我正在尝试解析一个包含以下内容的json文件。
{"short_desc":
{"3641":[{"when":1002747507,"what":"DCR: Cant compare from outliner (1GDHJKK)","who":14},{"when":1002771621,"what":"DCR: Can't compare from outliner (1GDHJKK)","who":21}],
"3470":[{"when":1002747341,"what":"Can't compare code editions in type hierarchy view (1GGNI4W)","who":24},{"when":1002771649,"what":"DCR: Can't compare code editions in type hierarchy view (1GGNI4W)","who":21}]我尝试在每个数组前面获取具有,头和每个数字的文本,并将其保存到csv中。预期结果如下。
id | description
3641 | DCR: Cant compare from outliner (1GDHJKK)
3641 | DCR: Can't compare from outliner (1GDHJKK)
3470 | Can't compare code editions in type hierarchy view (1GGNI4W)
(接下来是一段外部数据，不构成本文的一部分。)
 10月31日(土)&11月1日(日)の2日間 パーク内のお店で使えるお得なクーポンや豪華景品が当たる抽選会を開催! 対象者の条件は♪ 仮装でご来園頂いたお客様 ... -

3470 | DCR: Can't compare code editions in type hierarchy view (1GGNI4W)我尝试了下面的代码,只尝试获得什么的值,但是得到了一个错误KeyError: 'what'
import csv
import json
from glob import glob
# Open CSV output files for reading and writing
input_dir = ""
output_dir = ""
# Open main twitter data CSV file and write header row
output_file = output_dir + "coba.csv"
f_out = open(output_file, 'w', encoding='utf-8')
rowwriter = csv.writer(f_out, delimiter=',', lineterminator='\n')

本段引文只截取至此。